Insteel Industries director Jon M. Ruth reported equity compensation activity involving company stock. On February 10, 2026, he received a grant of 2,297 Restricted Stock Units (RSUs), which are scheduled to vest on February 10, 2027 and convert into common stock on a one-for-one basis.
On February 11, 2026, 2,703 RSUs vested and were converted into 2,703 shares of Insteel Industries common stock at no cash exercise price. After this conversion, 24,959 common shares were held indirectly through the Jon M. Ruth Revocable Trust, and the related RSU award reflected in the filing was reduced to zero.
Insteel Industries director Anne H. Lloyd reported equity compensation transactions involving restricted stock units (RSUs) and common shares. On February 10, 2026, she received a grant of 2,297 RSUs, which are scheduled to vest on February 10, 2027 and convert into common stock on a one-for-one basis.
On February 11, 2026, 2,703 RSUs vested and were converted into 2,703 shares of common stock at an exercise price of $0.00. Following this conversion, she directly owned 13,651 shares of Insteel Industries common stock, along with the 2,297 RSUs from the new grant.
Insteel Industries director Doyle Blake reported routine equity compensation activity. On February 10, 2026, Blake received a grant of 2,297 restricted stock units (RSUs), which will vest on February 10, 2027 and convert into common stock on a one-for-one basis.
On February 11, 2026, 2,703 RSUs vested and were converted into 2,703 shares of Insteel common stock at an exercise price of $0.00. Following this conversion, Blake directly beneficially owned 2,703 shares of common stock.
Insteel Industries director Boxley Abney S III reported equity compensation activity involving restricted stock units (RSUs) and common stock. On February 10, 2026, he received a grant of 2,297 RSUs, which will vest on February 10, 2027 and convert into common stock on a one-for-one basis.
On February 11, 2026, 2,703 RSUs vested and were converted into 2,703 shares of common stock at a stated price of $0 per share, increasing his directly held common stock to 16,433 shares.
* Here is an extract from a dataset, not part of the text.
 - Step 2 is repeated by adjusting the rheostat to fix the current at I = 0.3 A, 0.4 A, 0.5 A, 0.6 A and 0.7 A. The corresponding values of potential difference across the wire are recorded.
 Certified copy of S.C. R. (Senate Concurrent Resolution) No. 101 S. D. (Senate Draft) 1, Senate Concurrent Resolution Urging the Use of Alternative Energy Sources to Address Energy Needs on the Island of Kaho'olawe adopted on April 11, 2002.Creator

The filing also reports 5,028 common shares held indirectly through Boxley Family LLC.
Insteel Industries Inc. held its 2026 Annual Meeting of Shareholders on February 10, 2026. Shareholders elected three directors: Abney S. Boxley II, Anne H. Lloyd, and Eric J. Zernikow, with Lloyd receiving 16,265,341 votes for and Zernikow receiving 16,046,529 votes for.
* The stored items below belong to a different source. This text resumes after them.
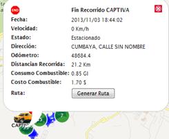 icono fin de recorrido de rutas se despliega la siguiente información: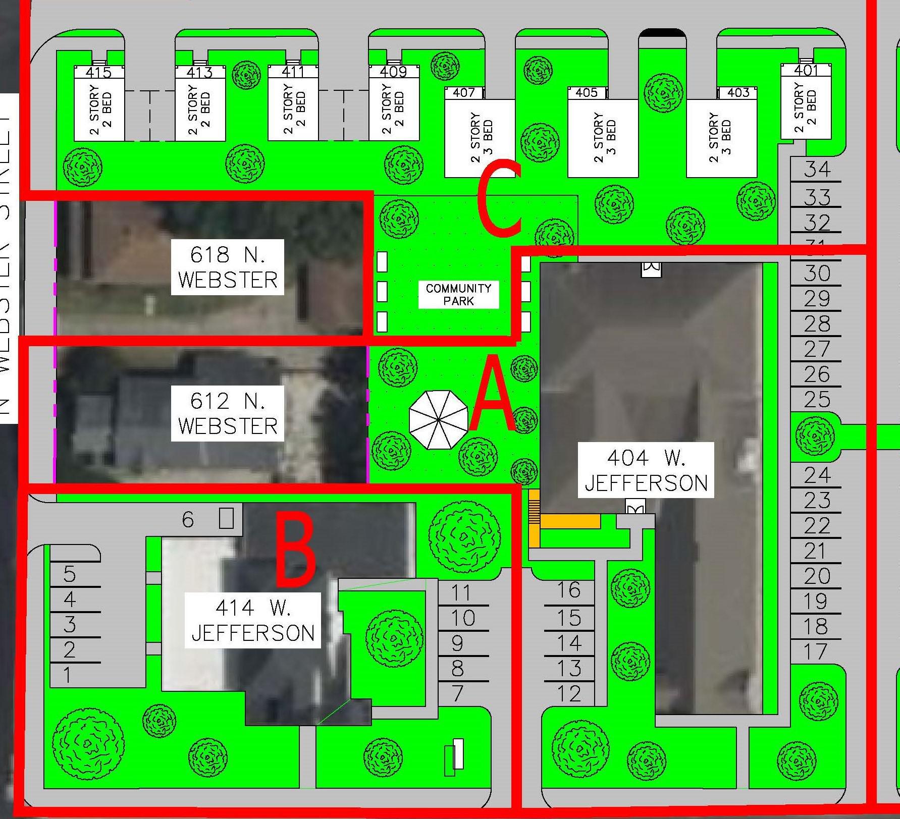 Fortune has acquired many of the properties located between Washington and Webster streets and Jefferson and Monroe streets on the northwest corner of the downtown district. The plan, developer Brandon Pitcher explained, is to develop as many as 30 duplexes and single-family homes.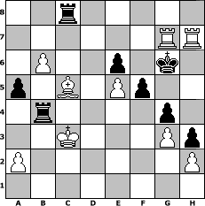 Partie-Notation im PGN-Format [Event "Einfach nur Schach 4"] [Site "www.mySchach.de"] [Date "2024.01.26"] [Round "2"] [White "Achimkogge"] [Black "Andreas1954"] [ECO "D00"] [WhitemyELO "1320"] [BlackmyELO "1238"] [Result "1-0"] [TimeControl "10/864000"] [WhiteDays "49"] [BlackDays "50"] [MySchachNr "131475"] 1. d4 d5 2. c3 e6 3. Nf3 h6 4. Ne5 Bd6 5. Bf4 g5 6. Bg3 Bxe5 7. Bxe5 f6 8. Bg3 h5 9. f3 h4 10. Bf2 Nc6 11. b4 Qe7 12. Qa4 Bd7 13. b5 Nd8 14. e3 c6 15. b6 c5 16. Bb5 a6 17. Bxd7+ Qxd7 18. Qxd7+ Kxd7 19. dxc5 Kc6 20. e4 dxe4 21. fxe4 g4 22. Nd2 f5 23. e5 Nf7 24. Bd4 Kd5 25. O-O-O Rc8 26. Nb3 Ne7 27. Na5 Rb8 28. c4+ Ke4 29. Rhe1+ Kf4 30. Rf1+ Kg5 31. Be3+ Kg6 32. Rd7 Rhe8 33. Bf4 Nd8 34. Rfd1 Kf7 35. Bg5 h3 36. g3 Rc8 37. Nxb7 Nxb7 38. Rxb7 Rxc5 39. Kb2 Rxc4 40. Rdd7 Rb4+ 41. Kc3 a5 42. Bxe7 Rc8+ 43. Bc5+ Kg6 44. Rg7+ Kh5 45. Rh7+ Kg6 46. Rbg7# 1-0 Stellungs-Notation im FEN-Format 2r5/6RR/1P2p1k1/p1B1Pp2/1r4p1/2K3Pp/P6P/8 - - - 8 46 Geschlagene Figuren Weiss: Geschlagene Figuren Schwarz: Klicken Sie auf eine geschlagene Figur um den gewünschten Zug darzustellen!

Boxley and Lloyd were elected to three-year terms ending at the 2029 Annual Meeting, and Zernikow to a one-year term ending at the 2027 Annual Meeting. Shareholders approved, on an advisory basis, the compensation of the company’s executive officers with 15,758,514 votes for and 493,414 against, and ratified the appointment of Grant Thornton LLP as independent registered public accounting firm for the fiscal year ending October 3, 2026, with 17,661,421 votes for and 231,854 against.
Insteel Industries Inc. announced that its board of directors has declared a regular quarterly cash dividend of $0.03 per share of common stock. The dividend will be payable on March 27, 2026 to shareholders who are on record as of March 13, 2026.
This payment continues the company’s practice of returning a portion of cash to shareholders through regular dividends, providing ongoing income to investors while the business focuses on its core steel wire reinforcing products for concrete construction.